Glick, a Democrat, has taken a confrontational approach with companies on landowner issues. He launched an Office of Public Participation to assist people with FERC’s bureaucracy and alarmed gas companies with proposals to give landowners more leverage during projects.

In March, when FERC put both Spire and Cheniere under tough-sounding deadlines, Glick said companies that don’t fix their construction damage should have their lines shut down, directly referring to Midship and Cheniere (Energywire, March 19).

But he insisted that FERC could not get involved in getting the pipeline companies to pay for damages. Still, Laps is on the phone with FERC officials talking about compensation for landowners such as the Barringtons.
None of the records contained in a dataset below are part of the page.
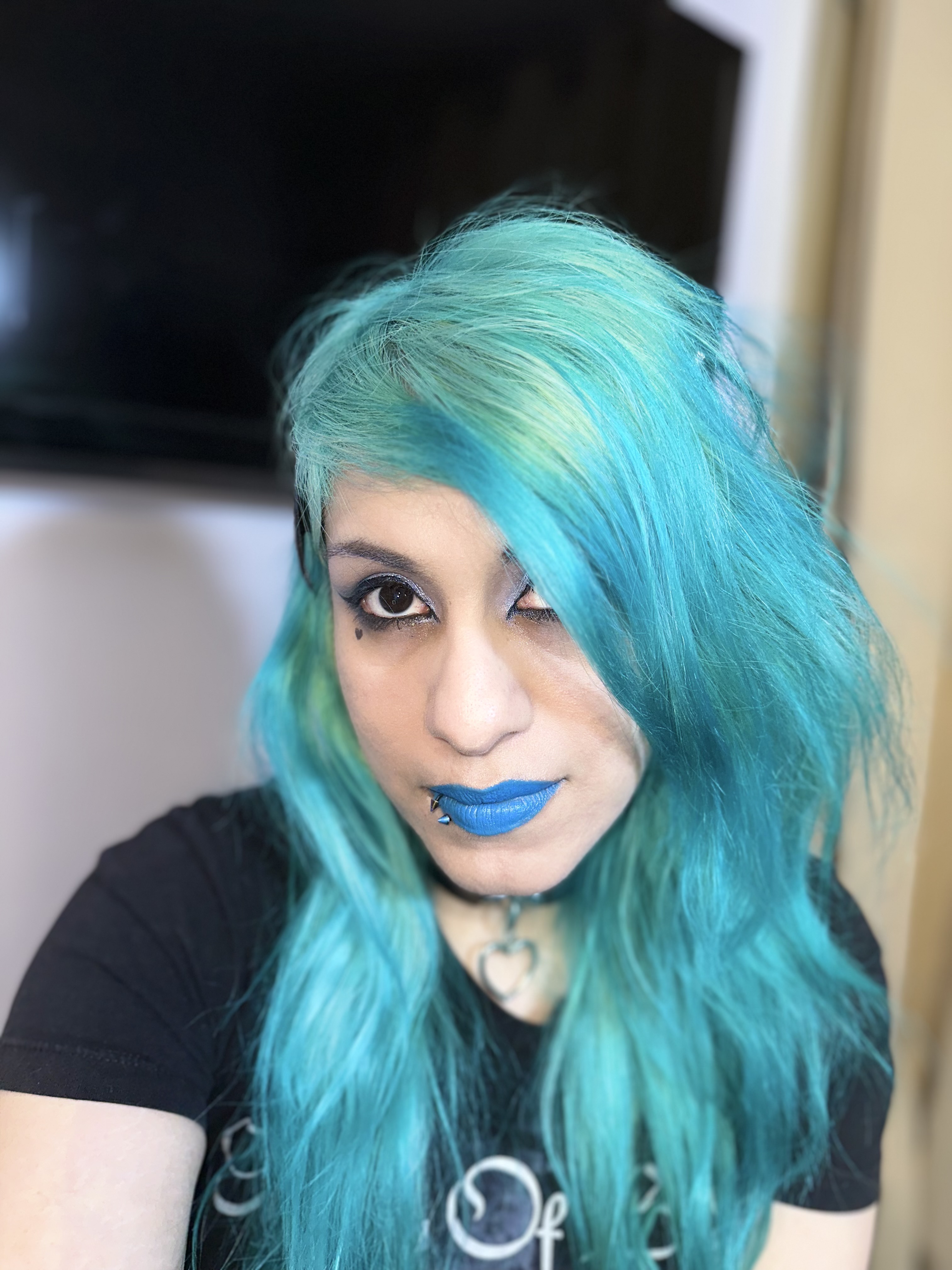 And look at that blue ! it’s so bright , and I guess similar to one of the OG Lime Crime shades ( Cry Baby). I never had any of the original lipsticks , but it was cool to think this might be a dupe for one of the older colors.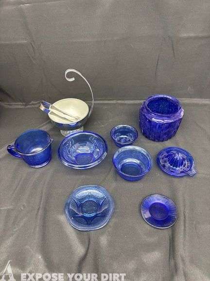1- 4.5" measuring cup and lid, 1- 3" measuring cup, 1- 5" flour pot, 1- 2.5" tall tiny bottle, 3- 6" plates, 1- 6.5" bowl, 2- 4" plates, 4- 4.5" plates, 1- 5" bowl, 1- 4" bowl, 1 bowl with metal and metal tongs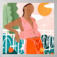 En kvinna lutar sig tillbaka, blöder i det varma solljuset, omgiven av lush grey och blommar. Mjuka pasteller och feta orangar skapar en drömmande, avslappnad sommarvibe. Scenen fångar ett fredligt ögonblick av lugn och ofruktbar skönhet.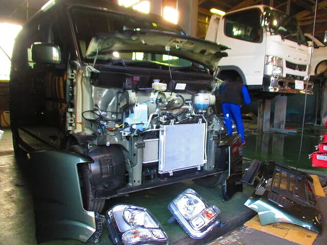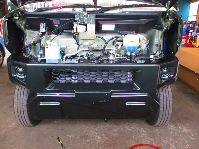 エブリィワゴンにジムリィのフェイスキットを取り付けていきます。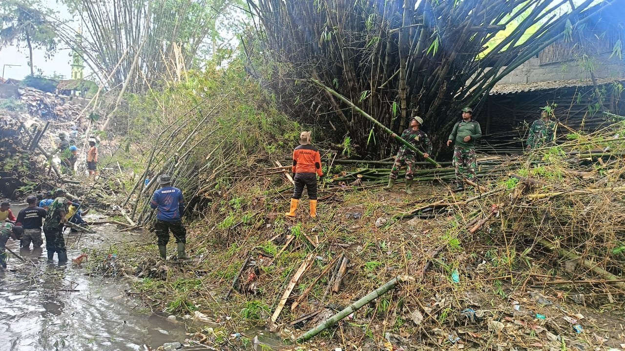 KLATEN – Danramil 19/Trucuk Kodim 0723/Klaten, Kapten Inf Widoyo bersama 9 orang Babinsa, relawan, BPBD, dan warga melaksanakan kegiatan Karya Bakti pembersihan rumpun bambu yang roboh ke aliran Sungai Kali Cino sekaligus pembersihan sungai di Dukuh Buluwangi, Desa Jatipuro Kecamatan Trucuk Kabupaten Klaten, guna mengantisipasi potensi banjir pada musim penghujan. Minggu (18/01/2026)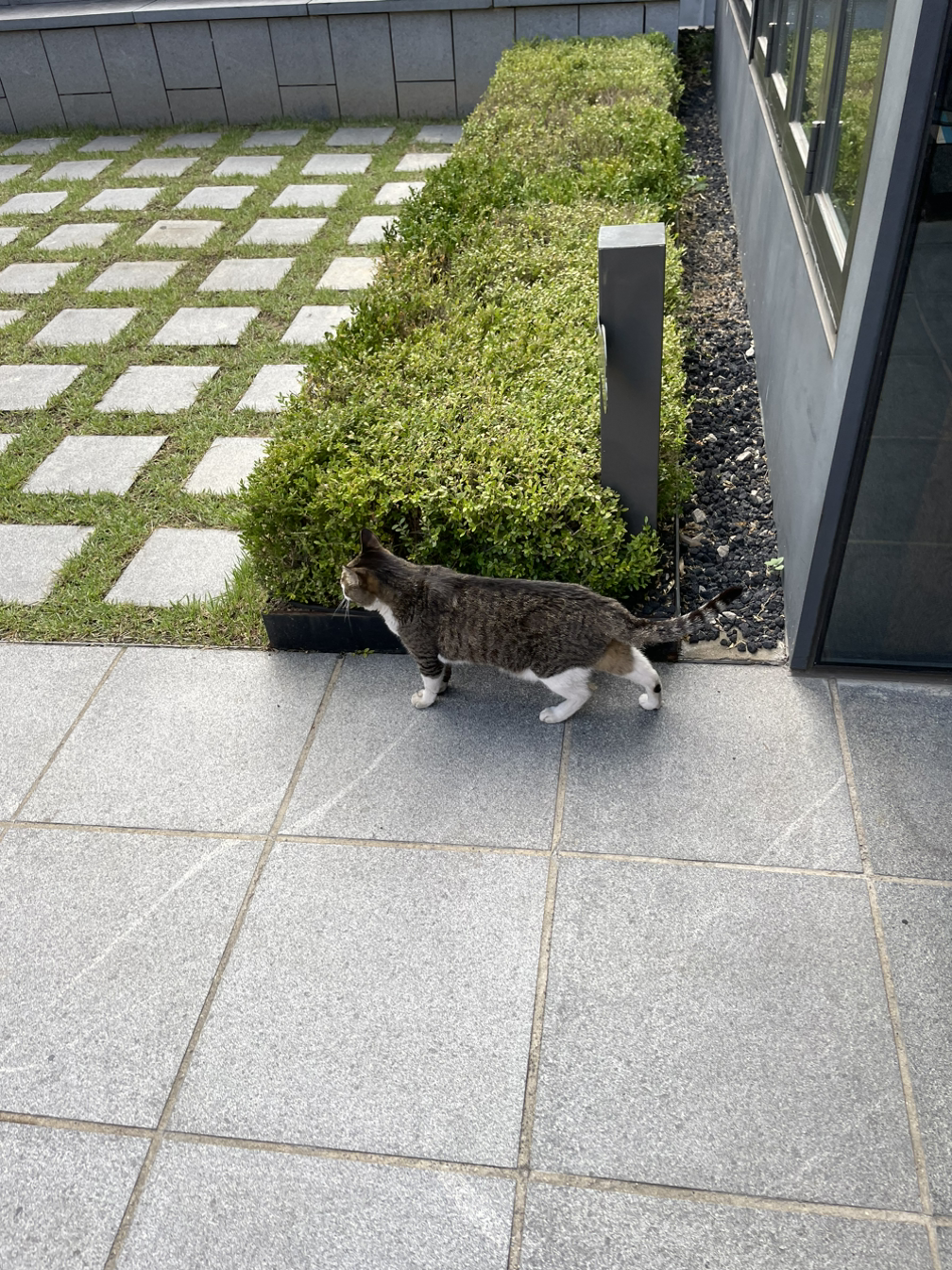 며칠간 보니 길순이는 낮에 한 번씩 어디에 있다가 회사 앞에 쓰윽 나오는데 사진을 찍히는 것보다 누가 옆에서 쓰다듬어 주면 좋아한다. 반려견이나 반려묘를 잘 모르는 나는 가까이 가지 않고 사진만 몇 장 찍어서 딸에게 보내줬다.

“I think FERC tells Midship what they’re going to pay, and they pay it,” Laps said.

The deadlines set in March have come and gone, but they did spur action. High-level FERC staff from Washington visited Illinois and Oklahoma, and 19 landowners have settled their cases with Cheniere.

But the claims of more than 60 of Laps’ clients remain unresolved. Big obstacles remain with the most damaged farms.

The Barringtons still have wood in their hayfield, a broken irrigation system and other problems. Schweitzer says Midship’s path through his land is rife with cockleburs and other noxious weeds. Another landower says he still hasn’t gotten back $40,000 worth of topsoil Cheniere’s contractors hauled off his land.

They trust Laps, though, to get the job done.